The city was founded in 1032 and became a thriving centre of Western Xia trade in the 11th century. There are remains of 30 ft-high ramparts and 12 ft-thick outer walls. The outer walls ran for some 421 m east-west by 374 m north-south.

The walled fortress was first taken by Genghis Khan in 1226, but—contrary to a widely circulated misunderstanding—the city continued to flourish under Mongol rule.
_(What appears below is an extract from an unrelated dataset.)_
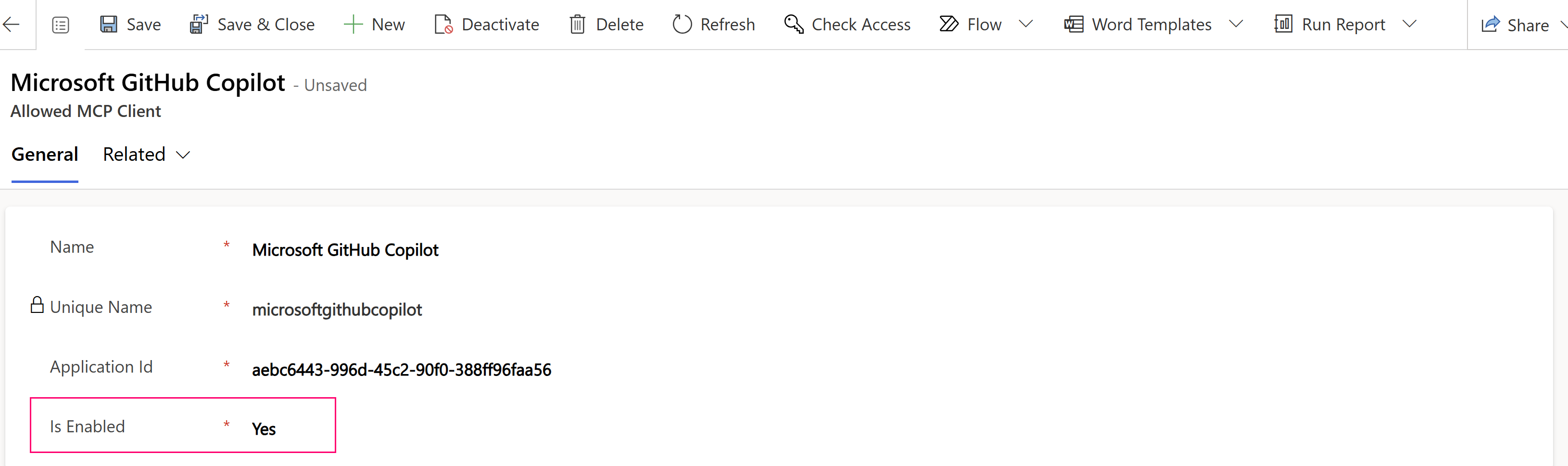 ตามค่าเริ่มต้น ไคลเอ็นต์ Allow MCP เพื่อโต้ตอบกับเซิร์ฟเวอร์ Dataverse MCP ถูกเปิดใช้งานสําหรับ Copilot Studio ผู้ดูแลระบบสามารถปิดใช้งาน MCP สําหรับ Dataverse โดยการล้างการตั้งค่า

During Kublai Khan's time, the city was expanded, reaching a size three times larger than during the Western Xia dynasty. The Northern Yuan dynasty under Toghon Temür concentrated its preparation for the reconquest of the Central Plain at Khara-Khoto. The city was located on the crossroads connecting Karakorum, Shangdu and Kumul.
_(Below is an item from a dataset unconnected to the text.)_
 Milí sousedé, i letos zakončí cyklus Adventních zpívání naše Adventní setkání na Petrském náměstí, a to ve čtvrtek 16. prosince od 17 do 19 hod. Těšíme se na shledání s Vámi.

In The Travels of Marco Polo, Marco Polo describes a visit to a city called Etzina or Edzina, which has been identified with Khara-Khoto.

When you leave the city of Campichu you ride for twelve days, and then reach a city called Etzina, which is towards the north on the verge of the Sandy Desert; it belongs to the Province of Tangut. The people are Idolaters, and possess plenty of camels and cattle, and the country produces a number of good falcons, both Sakers and Lanners. The inhabitants live by their cultivation and their cattle, for they have no trade. At this city you must needs lay in victuals for forty days, because when you quit Etzina, you enter on a desert which extends forty days' journey to the north, and on which you meet with no habitation nor baiting-place.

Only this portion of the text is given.